Work task:
Give the listing again, word for word, and let no picture into it.

Supplied data:
● ● ●

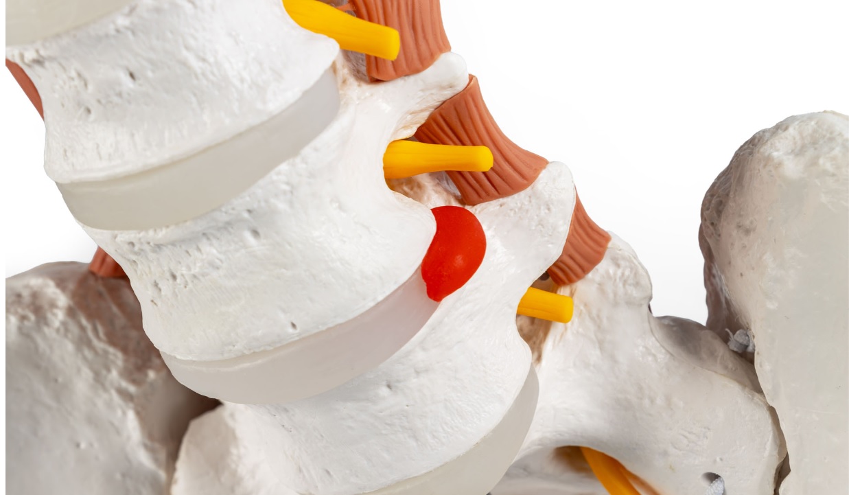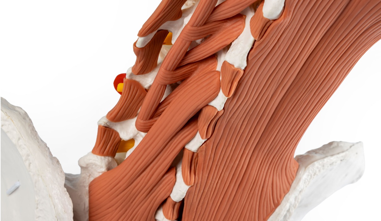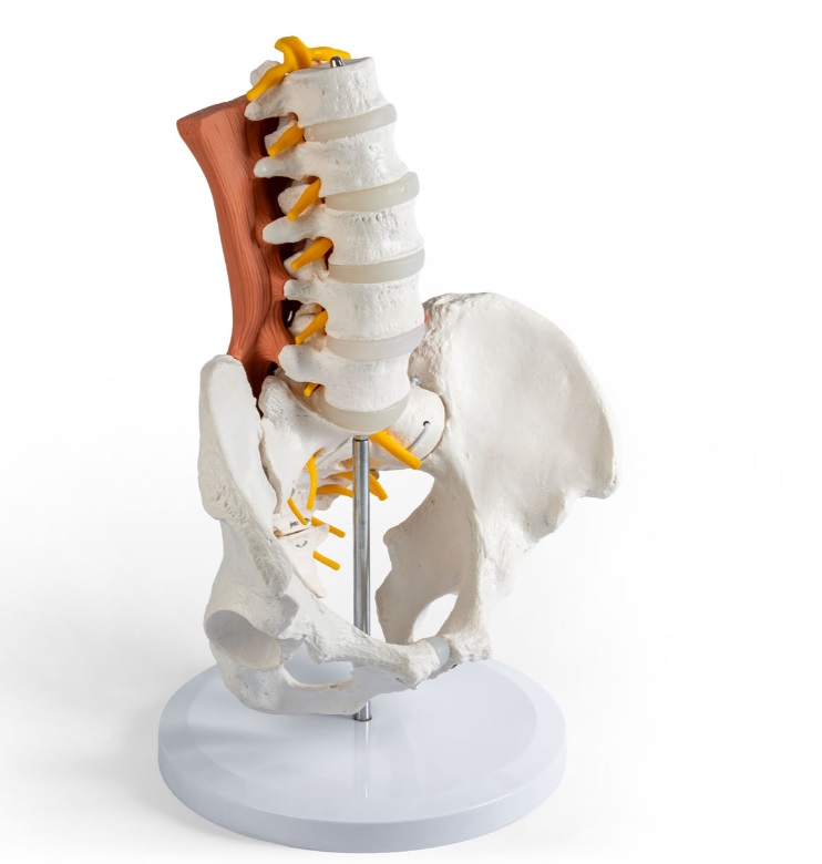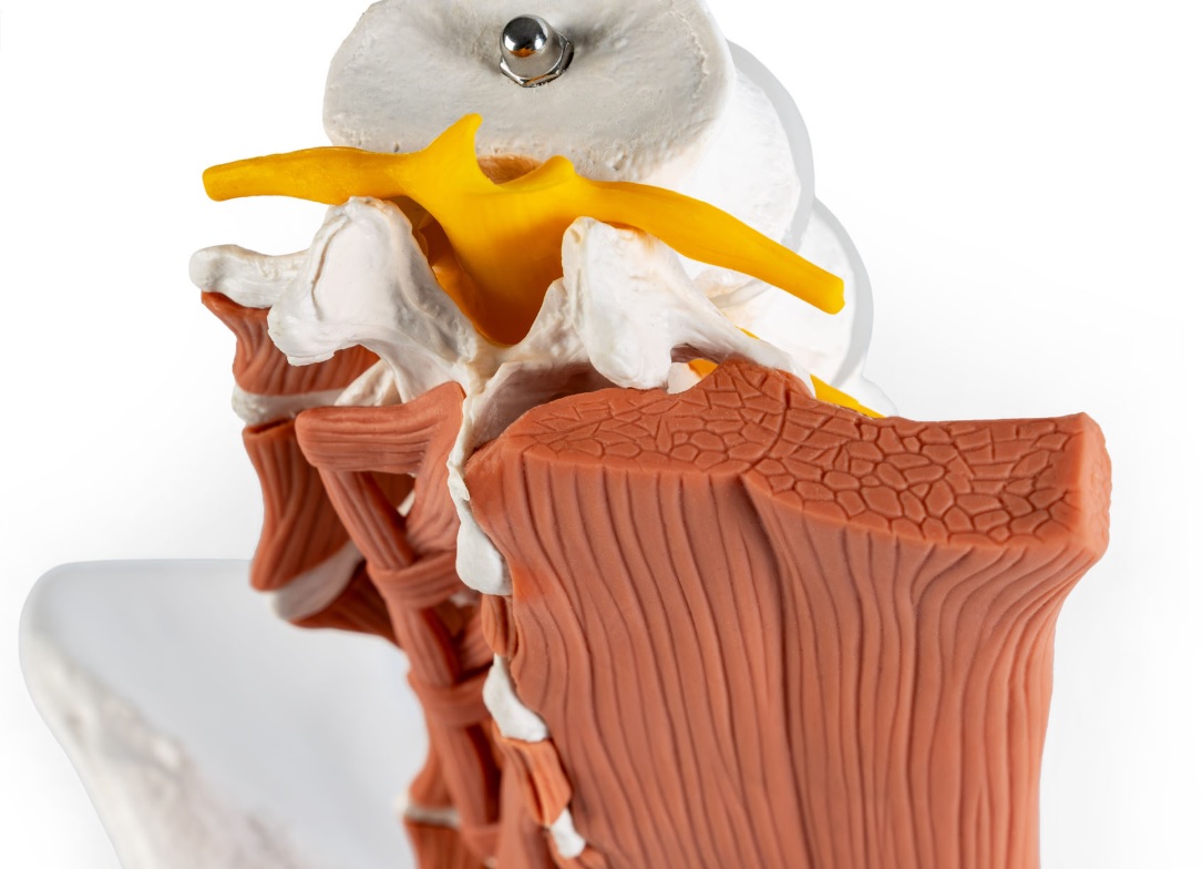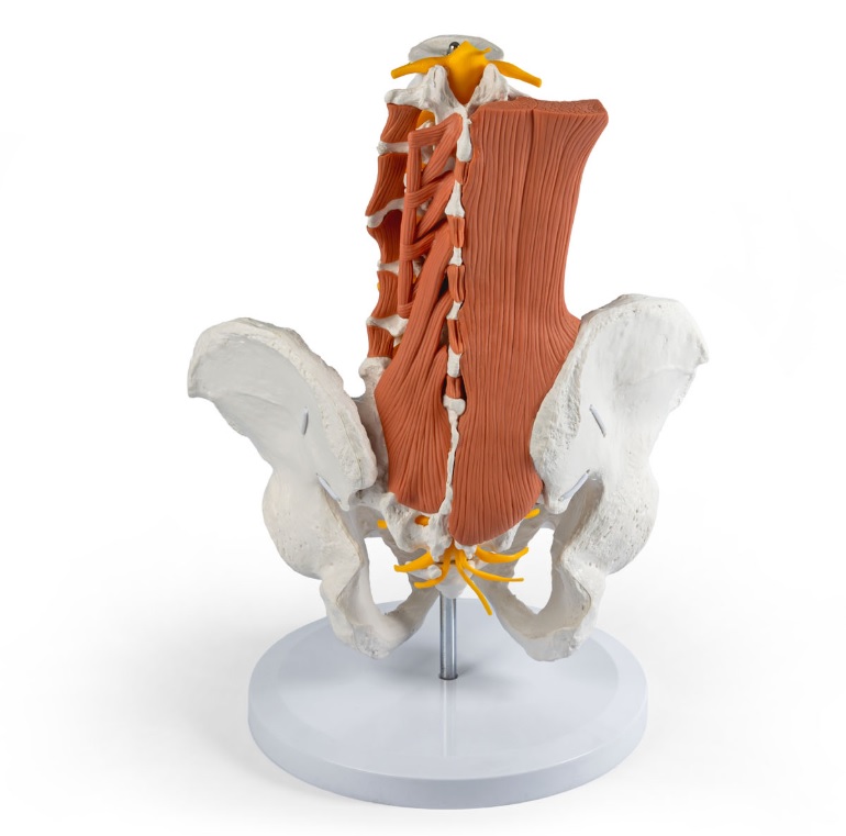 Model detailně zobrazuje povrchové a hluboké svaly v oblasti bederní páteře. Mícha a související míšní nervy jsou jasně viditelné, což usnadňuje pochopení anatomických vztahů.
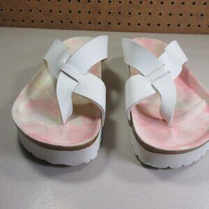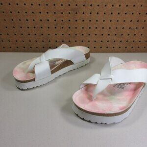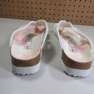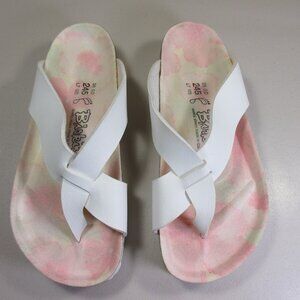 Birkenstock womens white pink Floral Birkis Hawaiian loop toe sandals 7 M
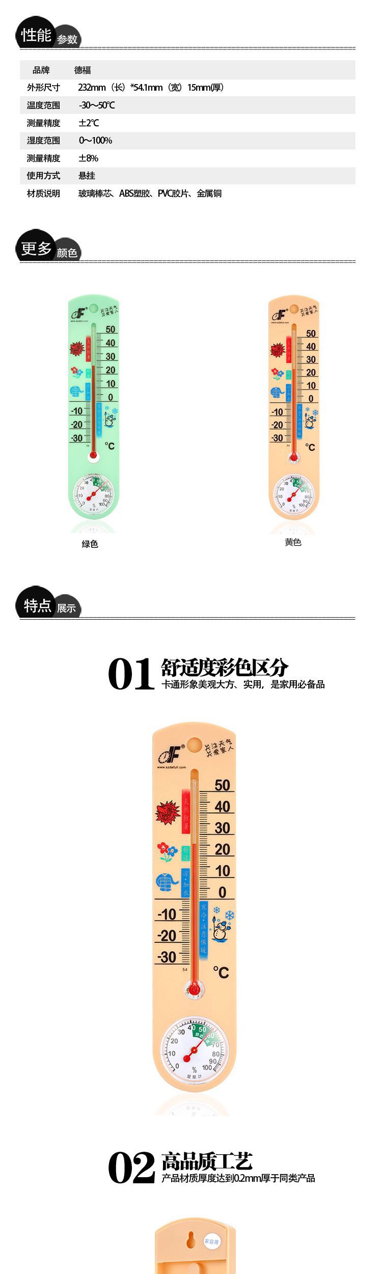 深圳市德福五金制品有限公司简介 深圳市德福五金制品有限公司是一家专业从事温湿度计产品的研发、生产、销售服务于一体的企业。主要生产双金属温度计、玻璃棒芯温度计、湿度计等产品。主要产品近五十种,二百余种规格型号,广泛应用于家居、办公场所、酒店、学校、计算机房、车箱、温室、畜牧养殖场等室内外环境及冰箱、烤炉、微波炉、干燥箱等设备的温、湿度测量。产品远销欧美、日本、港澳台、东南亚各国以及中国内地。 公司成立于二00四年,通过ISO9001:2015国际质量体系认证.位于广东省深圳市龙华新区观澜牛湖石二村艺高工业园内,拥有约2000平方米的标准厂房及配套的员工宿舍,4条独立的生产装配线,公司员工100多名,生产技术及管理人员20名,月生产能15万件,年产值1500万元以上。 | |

● ● ●

Result:
 Model detailně zobrazuje povrchové a hluboké svaly v oblasti bederní páteře. Mícha a související míšní nervy jsou jasně viditelné, což usnadňuje pochopení anatomických vztahů.
 Birkenstock womens white pink Floral Birkis Hawaiian loop toe sandals 7 M
 深圳市德福五金制品有限公司简介 深圳市德福五金制品有限公司是一家专业从事温湿度计产品的研发、生产、销售服务于一体的企业。主要生产双金属温度计、玻璃棒芯温度计、湿度计等产品。主要产品近五十种,二百余种规格型号,广泛应用于家居、办公场所、酒店、学校、计算机房、车箱、温室、畜牧养殖场等室内外环境及冰箱、烤炉、微波炉、干燥箱等设备的温、湿度测量。产品远销欧美、日本、港澳台、东南亚各国以及中国内地。 公司成立于二00四年,通过ISO9001:2015国际质量体系认证.位于广东省深圳市龙华新区观澜牛湖石二村艺高工业园内,拥有约2000平方米的标准厂房及配套的员工宿舍,4条独立的生产装配线,公司员工100多名,生产技术及管理人员20名,月生产能15万件,年产值1500万元以上。 | |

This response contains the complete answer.